Hello there. Currently i am developing app that needs to process one big message that is time consuming (can take days to process). I came up with the idea to split that one message into smaller ones and distribute that smaller ones among workers so they can be processed in a parallel (to speed up the processing). I also must mention that the number of small messages depends on how much one big message is, also i need the feature where i can track their proggress and check if all of them are successfully finished (some kind of transaction). I came across on this wonderful project, so here i am asking if it is logical to apply temporal.io in this situation. I assume that this is the analogy:
Big message = Main workflow (have a task to track child workflows, calculate how much child workflows to start, publish message when whole process is done)
Small messages (splitted from big message) = Child workflows with their own activities
What do you think? is this logical to you?

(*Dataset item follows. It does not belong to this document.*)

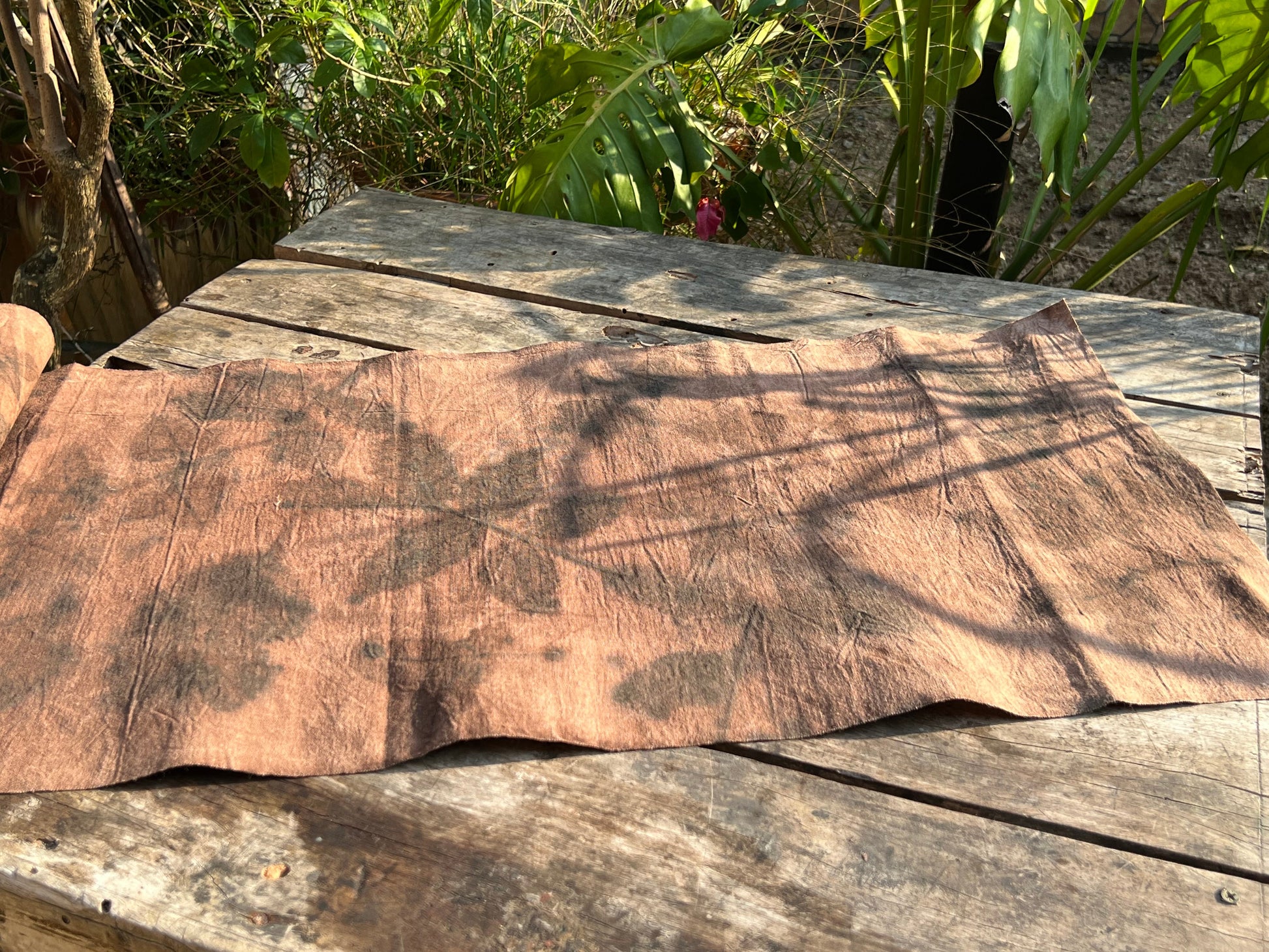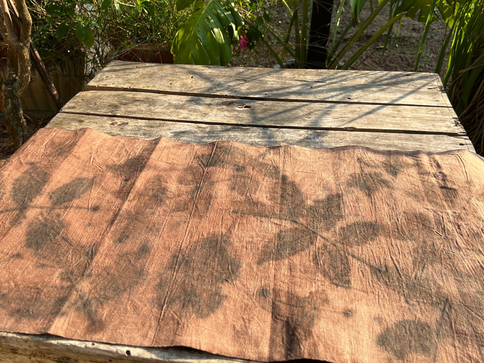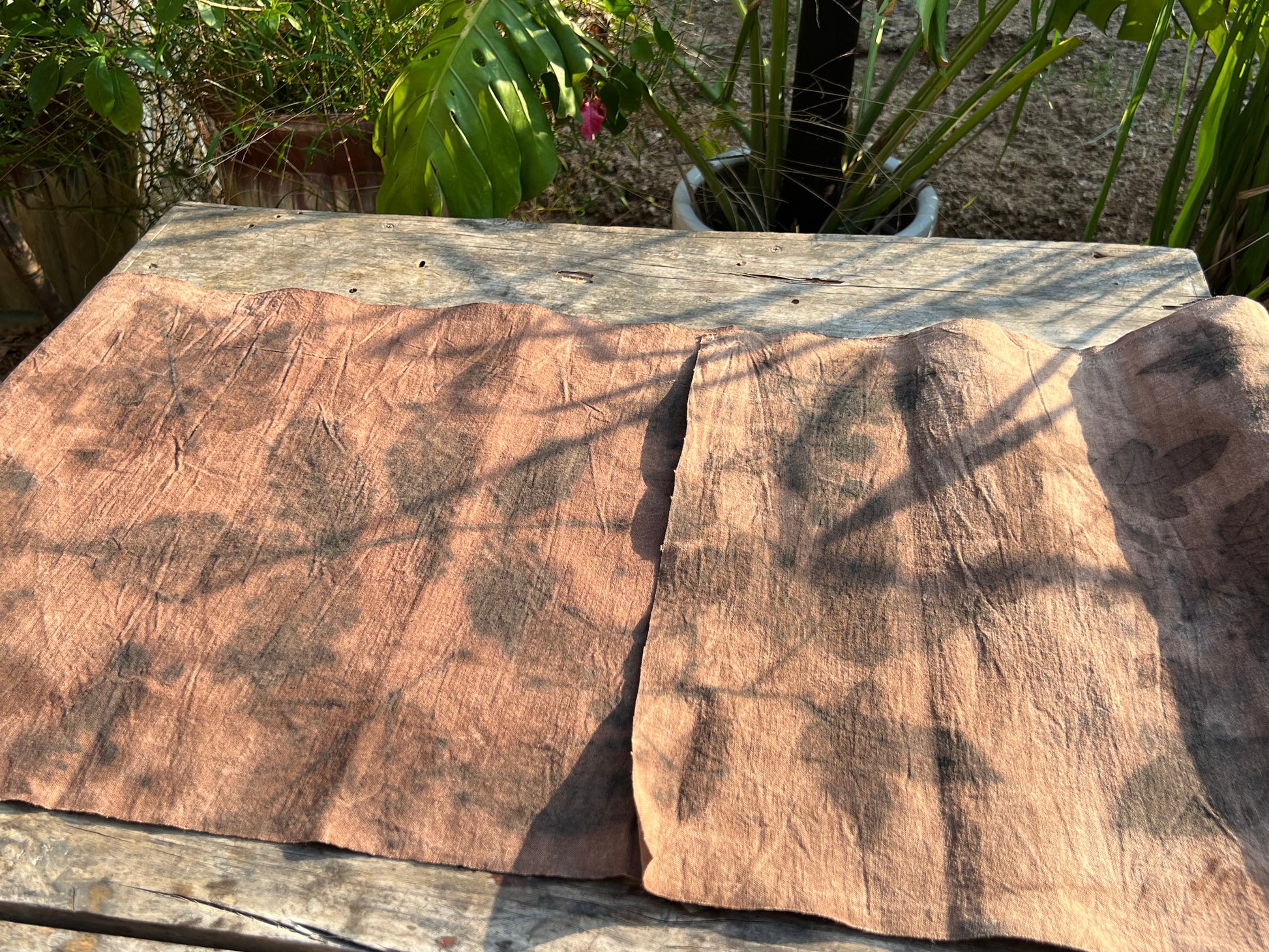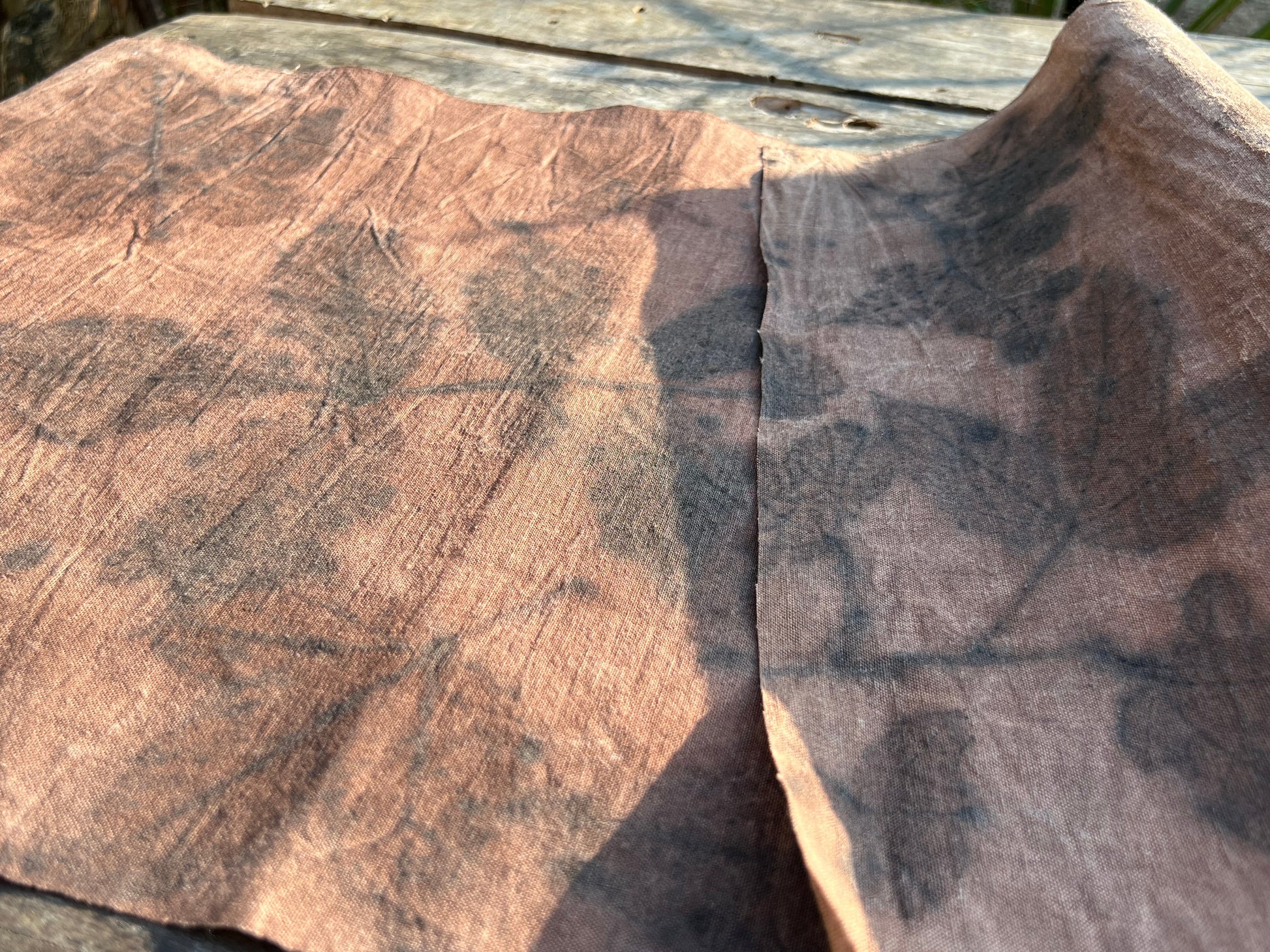 The amazing thing about hand dyeing tea mats is not only in the color change, but the texture of the farbic will also change significantly. After the soft cotton fabric is dyed with natural plants, it can be transformed into a tough and leathery fabric.

There is no “once size fits all” solution. It depends on your specific requirements. Depending on your requirements processing of each record in the file as a child workflow might be a very good fit or overkill.
In general batch processing workflows either process a file (or its chunk) using a single activity that iterates over records and processes them directly. This activity heartbeats and includes a last processed record id into the heartbeat. On retry, the activity loads the last processed record id from the last recorded heartbeat and continues.
If a single record processing is nontrivial then a child workflow per record does make sense. This can be done by loading a range of records from an activity and then processing it as child workflows. Continue-as-new should be used to ensure that the parent doesn’t exceed the history size limit.
See the correspondent batch samples from the samples-java repository.
Here is the sliding window sample in Go.
Hello maxim, thanks for the response. That’s what i was looking for!
I’ve been thinking to do processing with some kind of pagination. In my case i think it would be an overkill to create a child workflow for each record. Instead i would create “parent workflow” that would calculate and split big list of records into smaller sets and for the each set i would start a “child workflow” in parallel. Amazing java samples.